The wines of Slovenian producer Kabaj: intertwining modernity with tradition

A couple of weeks ago, I was invited to Port4lio at the historic Fort Mason firehouse in San Francisco, an annual tasting event featuring wines imported by Blue Danube Wine Company, Return to Terroir, and Vinos Unico. This year, the event prominently featured French winemaker Jean-Michel Morel presenting his Slovenian wines for the first time in the US.

Jean-Michel Morel of Kabaj winery

With his wife Katja Kabaj, Jean-Michel Morel is the owner of Kabaj, a winery located in Goriška Brda, a wine-growing region in western Slovenia, near the Italian border. It was one of the first regions in Slovenia to establish an international reputation for the quality of its wines. Thanks to the Adriatic sea, the area enjoys a Mediterranean climate with constant dry winds called "Bura" that reduces the need for fungicides and pesticides. The soil is principally composed of ocean sediment and is rich in marlstone, slate claystone, and limestone.

The Kabaj family has farmed vineyards in Goriška Brda for generations and used to sell their grapes to the Yugoslav state. But in the early 1990s, Katja Kabaj and Jean-Michel Morel decided to release their own wines under the Kabaj family name.

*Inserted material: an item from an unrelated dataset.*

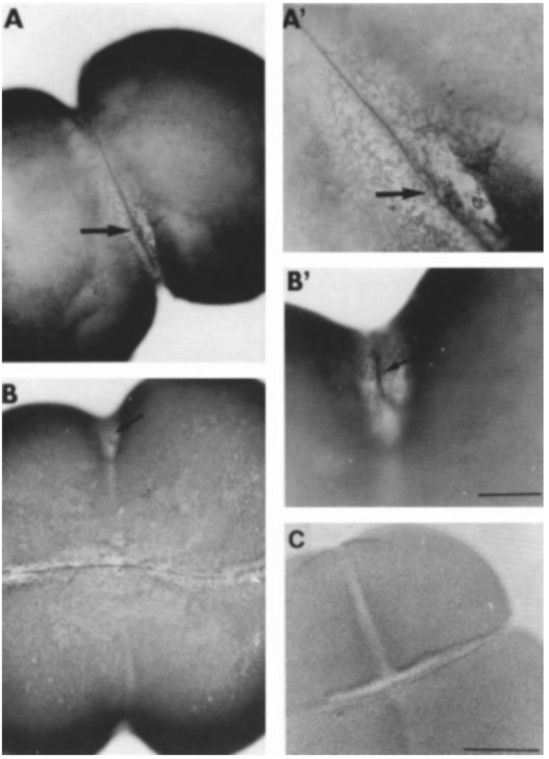 of Xenopus embryos. A,A: Two-cell embryo after first cleavage

They own 55,000 vines farmed sustainably and fertilized with horse manure, 70% of which are white varieties, including indigenous Rebula (Ribolla Gialla), Sauvignonasse (Tokai Fruilano), and Malvasia Istriana. Red grape varieties are also grown, mostly Merlot, Cabernet Franc, and Petit Verdot. The winery has a modern cellar built a few years ago.

I tasted the folowing wines:

• 2008 Kabaj Sivi Pinot: 100% Pinot Grigio, aged 12 months in French oak barrel, followed by 4 months in bottle. Yellow color, floral acacia nose, medium bodied on the palate, less acidic than a Italian Pinot Grigio.

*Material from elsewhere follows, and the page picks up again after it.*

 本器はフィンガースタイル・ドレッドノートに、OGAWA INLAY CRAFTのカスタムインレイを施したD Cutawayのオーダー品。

• 2008 Kabaj Ravan: 100% Tokai Fruilano also known as Sauvignon Vert or Sauvignonasse, a grape variety believed to have originated in the Veneto region. Aged 12 months in French oak barrel, followed by 4 months in bottle. Yellow color, floral nose, soft on the palate with fresh peach aromas.

• 2008 Kabaj Rebula: 100% Ribolla Gialla, a white grape variety mostly found in the Friuli-Venezia-Giulia region of northeast Italy and in Slovenia where it has been grown since the 13th century. The wine is fermented on the skins for 30 days then aged 12 months in French oak barrel, followed by 4 months in bottle. Golden color, aromatic nose of herbs and mineral notes. Quite spicy and complex on the palate. My favorite among the whites.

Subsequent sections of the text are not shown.